Data excerpts:

• • • •

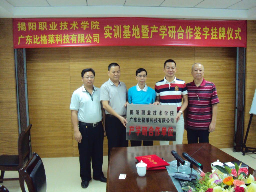 5月17日上午,我院在广东比格莱科技有限公司举行校外实训基地暨产学研合作签字挂牌仪式。龚善初院长、化工系江英志主任、实训中心杨培新主任;比格莱公司陈楷城总经理等参加了本次活动。
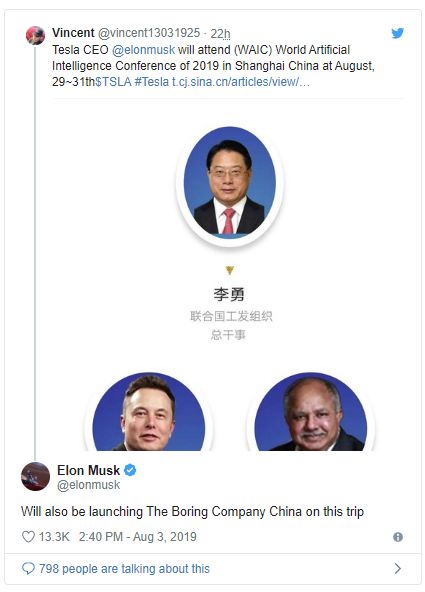 马斯克将于8月29日至31日在上海举行的世界人工智能会议上发表演讲。演讲中将回应关于他关于此事的推文:“此次旅行还将推出The Boring Company China。”
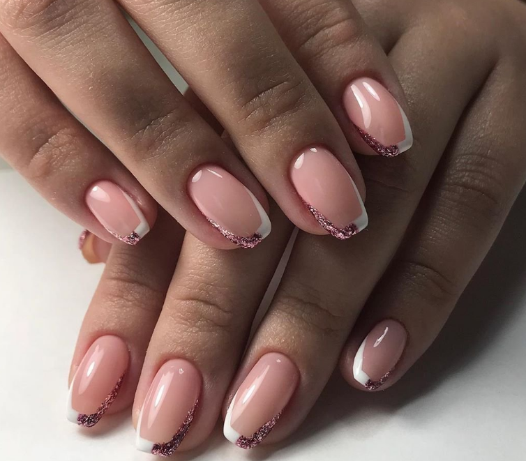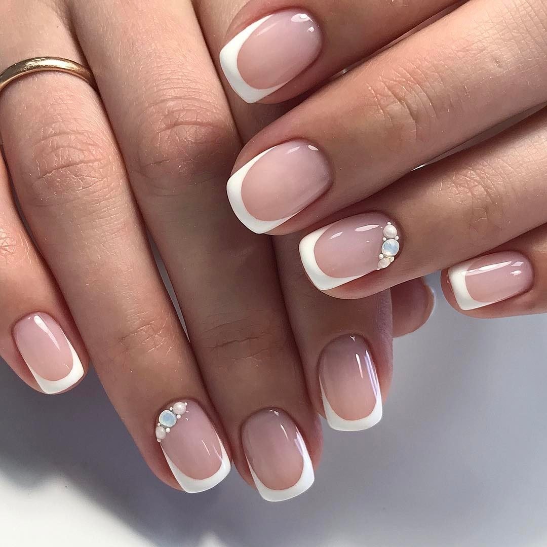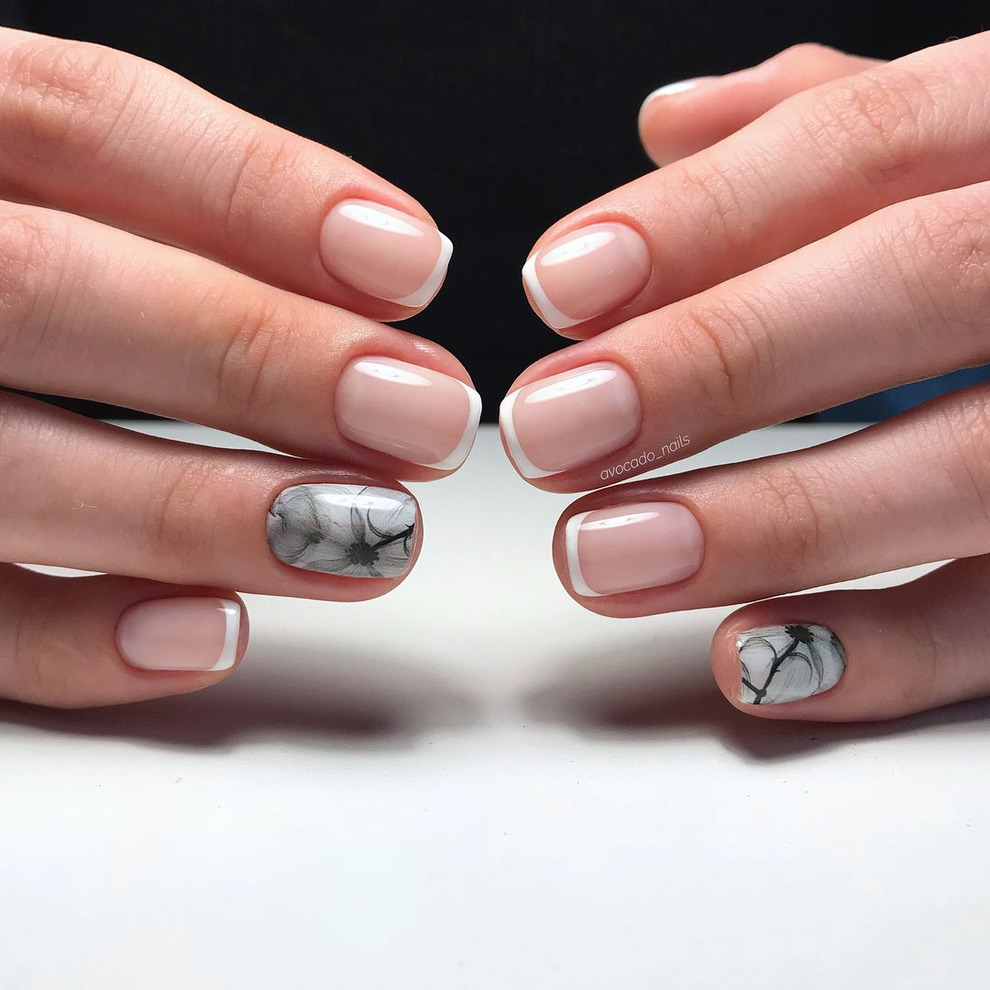- френч. Идея французского маникюра заключается в выделении свободного края пластины другим цветом. Здесь все будет зависеть от длины ногтя. Если она минимальна, френч лучше не делать. Такой маникюр будет выглядеть нелепо. Если получается сформировать край улыбки хотя бы 2-4 мм, можете смело делать френч. Но цвет улыбки стоит оставить классическим или светлым;
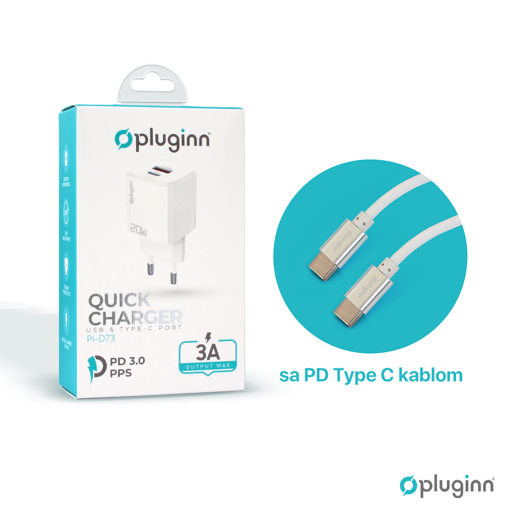 Kucni punjac Pluginn PI-D73, QC3.0 PD3.0, PPS, USB-PD 18W+20W, 38W (total) sa PD Type C kablom beli CE
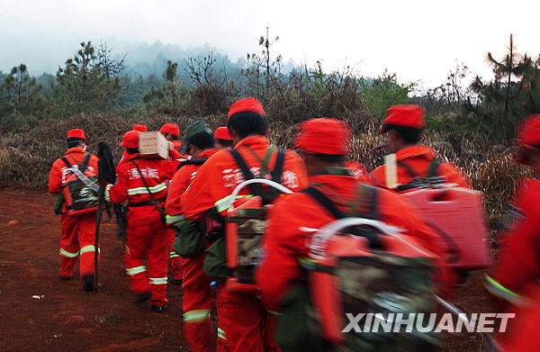 3月11日,專業(yè)撲火隊員正在前往火場開展撲救。

• • • •

### EXERCISE DESCRIPTION:
Repeat each entry precisely as it appears. Leave the pictures out.

### ANSWER SPACE:
 5月17日上午,我院在广东比格莱科技有限公司举行校外实训基地暨产学研合作签字挂牌仪式。龚善初院长、化工系江英志主任、实训中心杨培新主任;比格莱公司陈楷城总经理等参加了本次活动。
 马斯克将于8月29日至31日在上海举行的世界人工智能会议上发表演讲。演讲中将回应关于他关于此事的推文:“此次旅行还将推出The Boring Company China。”
- френч. Идея французского маникюра заключается в выделении свободного края пластины другим цветом. Здесь все будет зависеть от длины ногтя. Если она минимальна, френч лучше не делать. Такой маникюр будет выглядеть нелепо. Если получается сформировать край улыбки хотя бы 2-4 мм, можете смело делать френч. Но цвет улыбки стоит оставить классическим или светлым;
 Kucni punjac Pluginn PI-D73, QC3.0 PD3.0, PPS, USB-PD 18W+20W, 38W (total) sa PD Type C kablom beli CE
 3月11日,專業(yè)撲火隊員正在前往火場開展撲救。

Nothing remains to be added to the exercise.